Problem details: Would it be possible to output exactly, and only, the lines below from the one holding "美国本科毕业的学生薪资中位数" to the last line, both included, with every picture left out?

# # # # #

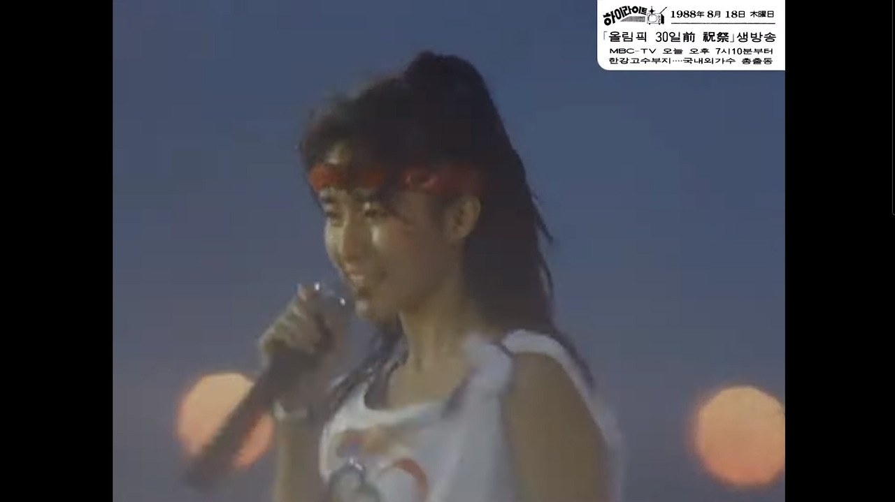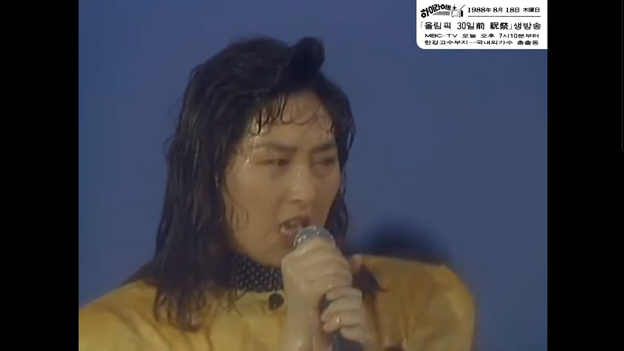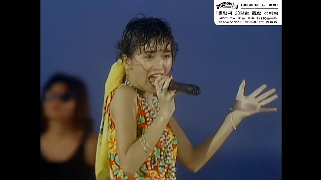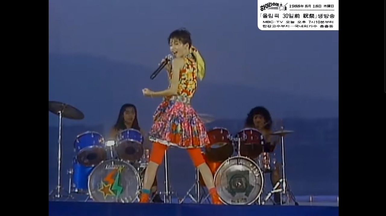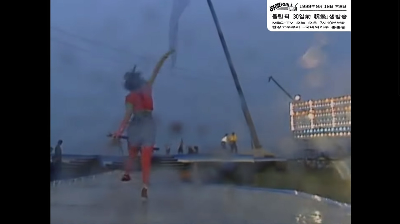 이번에는 지난번 88 서울올림픽 한강 축하 무대 공연에서 정수라, 이지연, 혼다 미나코, 소녀대의 모습이다. 비가 욕이 나올 정도로 엄청났다. 굉장하다. 하지만 한일 그 어떤 가수도 폭우에 굴하지 않고 축제를 즐기는 모습이다.
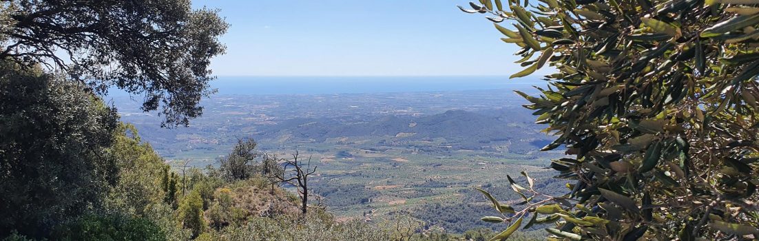 Heute, am 1. Mai, an dem viele Spanier einen Ausflug machen, ist sogar das Restaurant beim Aussichtspunkt von La Mussara offen. Direkt vom Restaurant gibt es einen schönen Blick in die Ebene hinunter und weiter bis zum Meer.
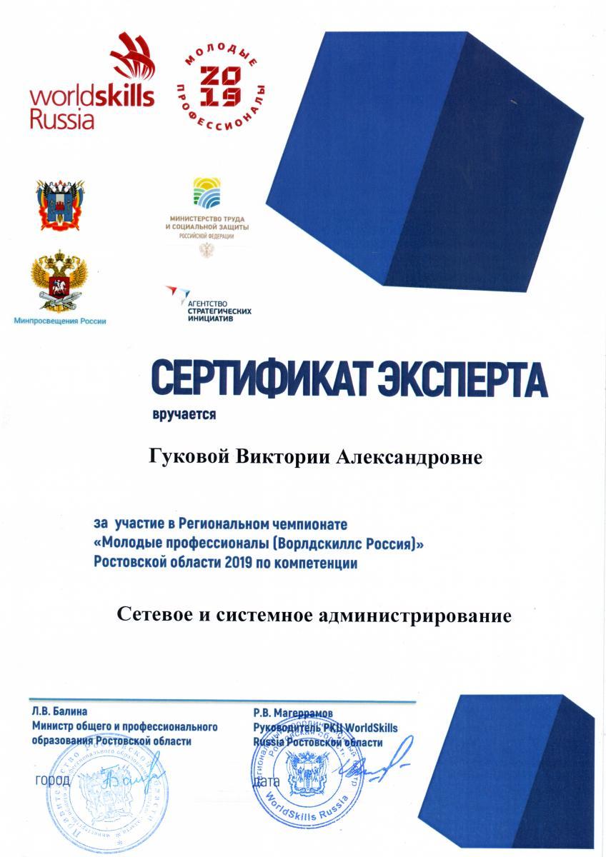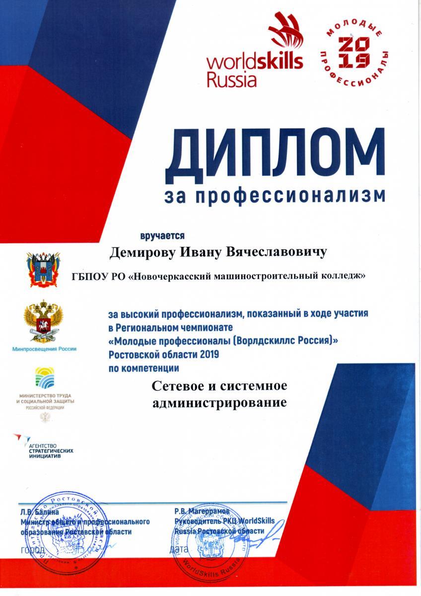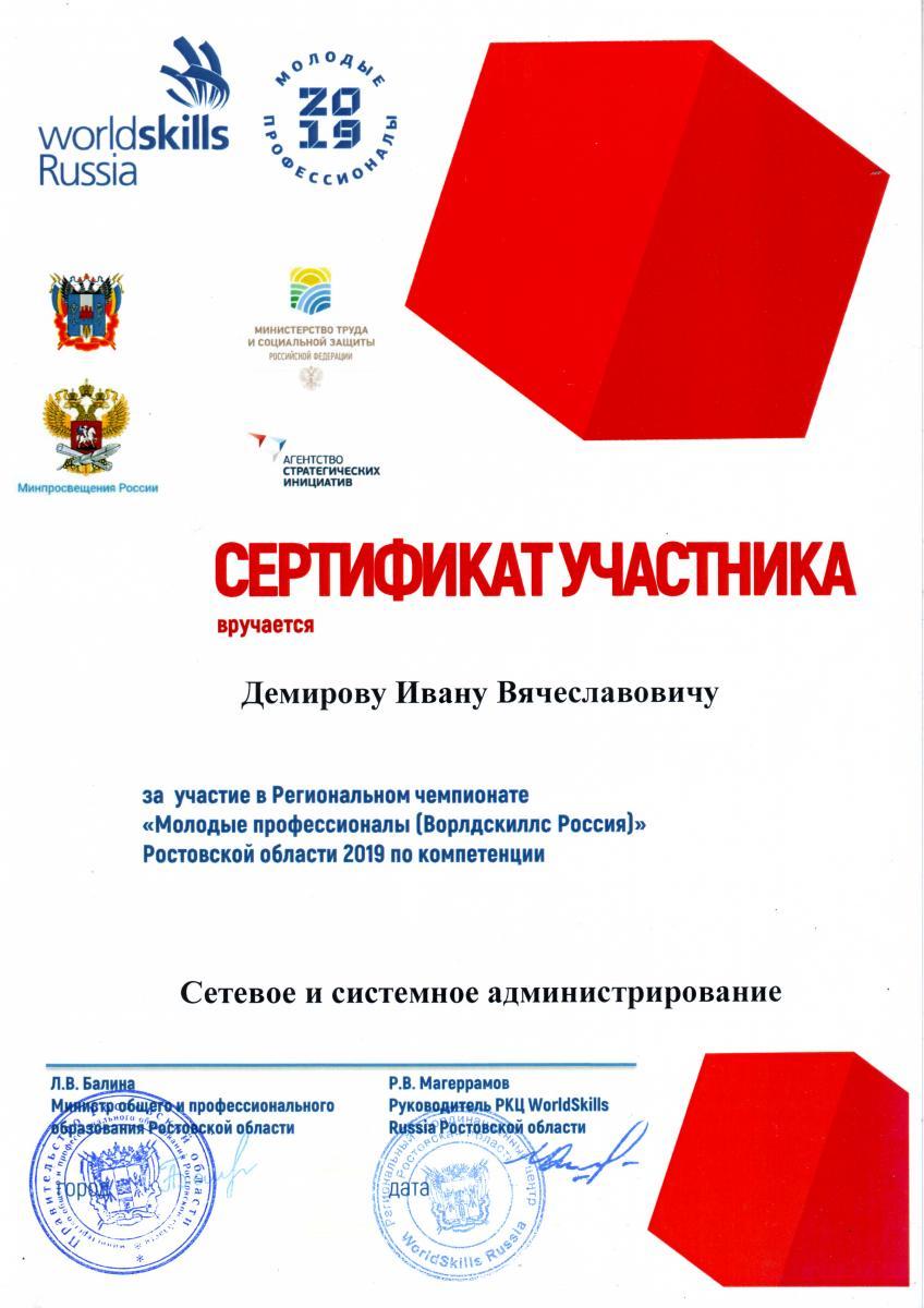 - "Сетевое и системное администрирование" (площадка  ГБПОУ РО «Ростовский-на-Дону колледж связи и информатики»): участник Демиров Иван Вячеславович, эксперт Гукова Виктория Александровна;
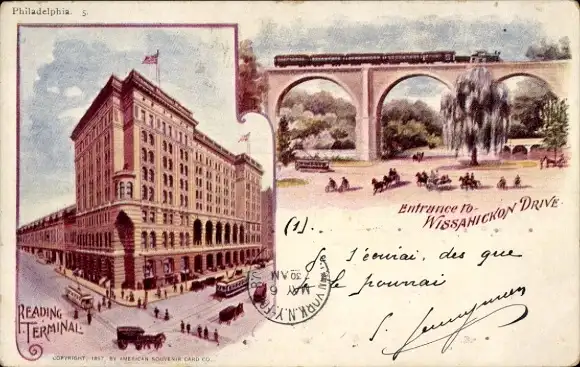 Litho Ak Philadelphia Pennsylvania USA, Reading Terminal, Wissahickon Drive
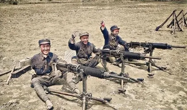 你看这位机枪手 , 手腕粗得吓人 , 钢枪擦得锃光瓦亮。
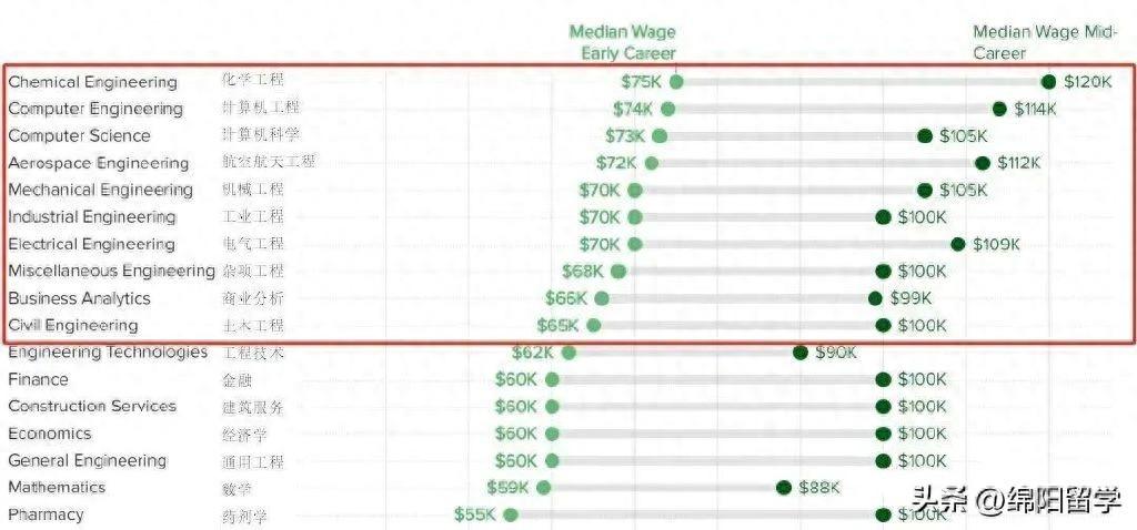 美国本科毕业的学生薪资中位数约5.2万美元/年,但工程类毕业生平均工资为6万美元/年,且不少专业可以轻松突破7万美元大关。不仅如此,工程专业的失业率也较低,不愁找到合适的工作。
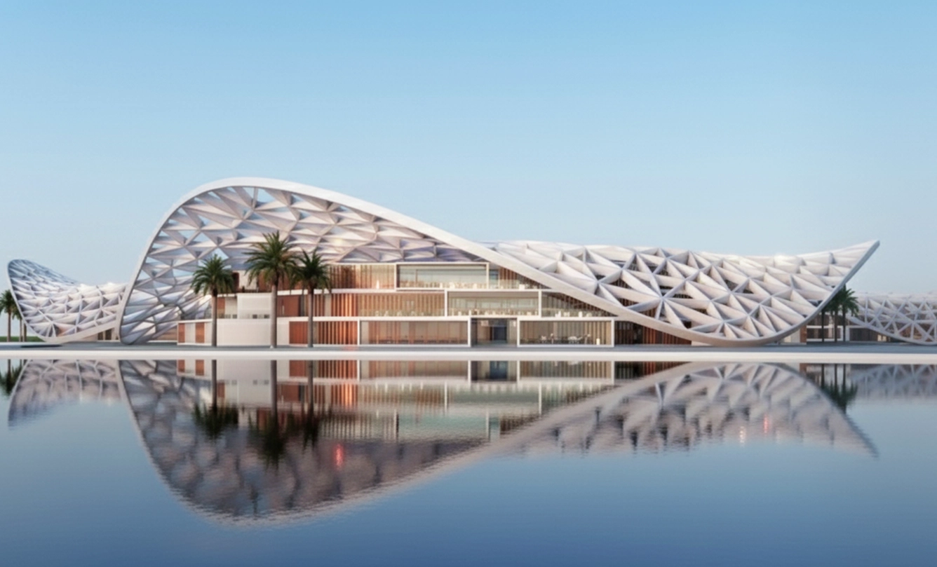 Gran vestíbulo con diseño contemporáneo esculpido
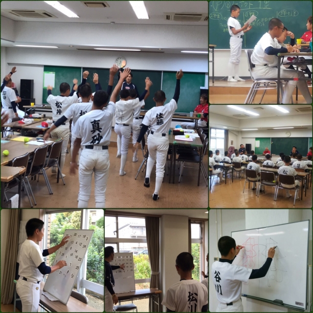 昨日の雨でグランド不良。午前中は座学と脳トレです。
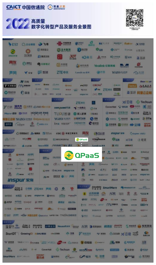 会上隆重发布了《高质量数字化转型产品及服务全景图(2022)》,360政企数字化低代码平台QPaaS凭借产品在政企数字化转型的先进实践经验入选图谱。
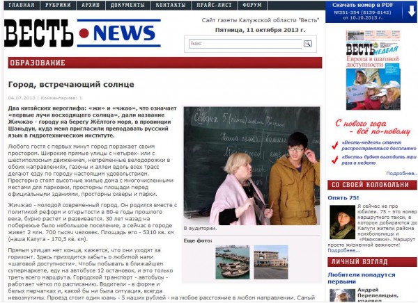 近日,俄罗斯卡卢加州《消息报》全文刊登了一篇由我院外教Галина Пашина副教授撰写的文章,向俄罗斯读者全面地介绍和描述了她任教的304am永利集团官网、中俄合作办学、学院周边及日照城市风情等相关情况。

# # # # #

Answer section:
 美国本科毕业的学生薪资中位数约5.2万美元/年,但工程类毕业生平均工资为6万美元/年,且不少专业可以轻松突破7万美元大关。不仅如此,工程专业的失业率也较低,不愁找到合适的工作。
 Gran vestíbulo con diseño contemporáneo esculpido
 昨日の雨でグランド不良。午前中は座学と脳トレです。
 会上隆重发布了《高质量数字化转型产品及服务全景图(2022)》,360政企数字化低代码平台QPaaS凭借产品在政企数字化转型的先进实践经验入选图谱。
 近日,俄罗斯卡卢加州《消息报》全文刊登了一篇由我院外教Галина Пашина副教授撰写的文章,向俄罗斯读者全面地介绍和描述了她任教的304am永利集团官网、中俄合作办学、学院周边及日照城市风情等相关情况。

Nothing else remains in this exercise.